Section of Cardiology, Baylor College of Medicine, 1 Baylor Plaza, Houston, TX, 77030, USA.
Icahn School of Medicine at Mount Sinai, The the Zena and Michael A. Wiener Cardiovascular Institute, Mount Sinai Heart, New York, NY, USA.
Sci Rep. 2021 Apr 26;11(1):8992. doi: 10.1038/s41598-021-88172-0.

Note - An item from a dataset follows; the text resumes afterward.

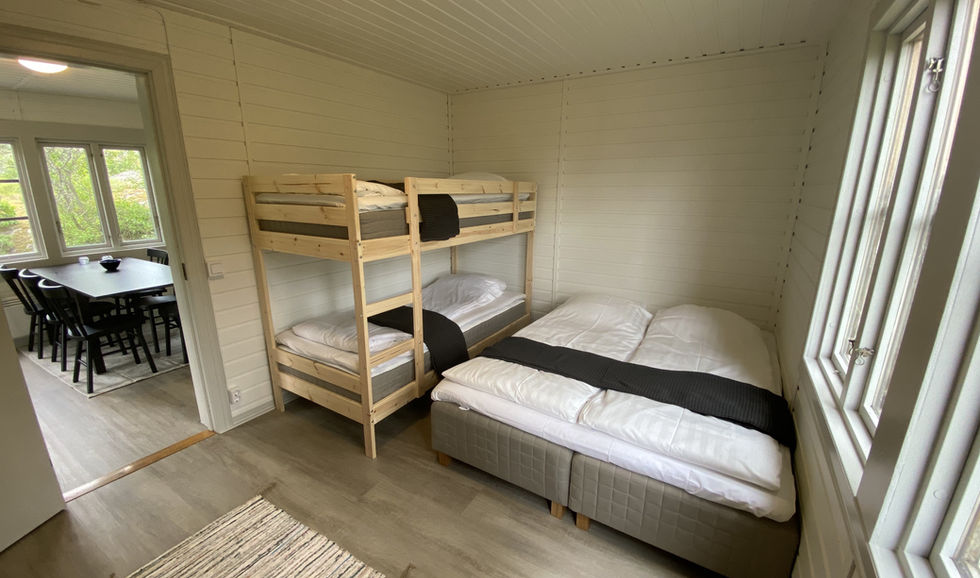 You sleep in a double bed (160 cm) and two bunk beds in one and the same bedroom. Of course, the associated duvets and pillows and bed linen are always included in the rent.

Machine learning (ML) and deep learning (DL) can successfully predict high prevalence events in very large databases (big data), but the value of this methodology for risk prediction in smaller cohorts with uncommon diseases and infrequent events is uncertain. The clinical course of spontaneous coronary artery dissection (SCAD) is variable, and no reliable methods are available to predict mortality. Based on the hypothesis that machine learning (ML) and deep learning (DL) techniques could enhance the identification of patients at risk, we applied a deep neural network to information available in electronic health records (EHR) to predict in-hospital mortality in patients with SCAD. We extracted patient data from the EHR of an extensive urban health system and applied several ML and DL models using candidate clinical variables potentially associated with mortality. We partitioned the data into training and evaluation sets with cross-validation. We estimated model performance based on the area under the receiver-operator characteristics curve (AUC) and balanced accuracy. As sensitivity analyses, we examined results limited to cases with complete clinical information available. We identified 375 SCAD patients of which mortality during the index hospitalization was 11.5%. The best-performing DL algorithm identified in-hospital mortality with AUC 0.98 (95% CI 0.97-0.99), compared to other ML models (P < 0.0001). For prediction of mortality using ML models in patients with SCAD, the AUC ranged from 0.50 with the random forest method (95% CI 0.41-0.58) to 0.95 with the AdaBoost model (95% CI 0.93-0.96), with intermediate performance using logistic regression, decision tree, support vector machine, K-nearest neighbors, and extreme gradient boosting methods. A deep neural network model was associated with higher predictive accuracy and discriminative power than logistic regression or ML models for identification of patients with ACS due to SCAD prone to early mortality.
机器学习(ML)和深度学习(DL)可以成功地预测大型数据库(大数据)中高患病率事件,但该方法在罕见疾病和罕见事件的较小队列中进行风险预测的价值尚不确定。自发性冠状动脉夹层(SCAD)的临床病程多变,目前尚无可靠方法预测死亡率。基于机器学习(ML)和深度学习(DL)技术可以增强对高危患者识别的假设,我们应用深度神经网络来分析电子健康记录(EHR)中可用的信息,以预测 SCAD 患者的住院死亡率。我们从广泛的城市卫生系统的 EHR 中提取患者数据,并使用可能与死亡率相关的候选临床变量应用几种 ML 和 DL 模型。我们将数据分为训练集和验证集,并进行交叉验证。我们根据接收者操作特征曲线(ROC)下的面积(AUC)和平衡准确性来评估模型性能。作为敏感性分析,我们检查了仅限于具有完整临床信息病例的结果。我们确定了 375 例 SCAD 患者,其中指数住院期间的死亡率为 11.5%。表现最好的 DL 算法识别出的住院死亡率的 AUC 为 0.98(95%CI 0.97-0.99),优于其他 ML 模型(P<0.0001)。对于使用 ML 模型预测 SCAD 患者的死亡率,AUC 范围从随机森林方法的 0.50(95%CI 0.41-0.58)到 AdaBoost 模型的 0.95(95%CI 0.93-0.96),逻辑回归、决策树、支持向量机、K-最近邻和极端梯度提升方法的中间性能。与逻辑回归或 ML 模型相比,深度神经网络模型与更高的预测准确性和区分能力相关,用于识别因 SCAD 导致早期死亡率较高的 ACS 患者。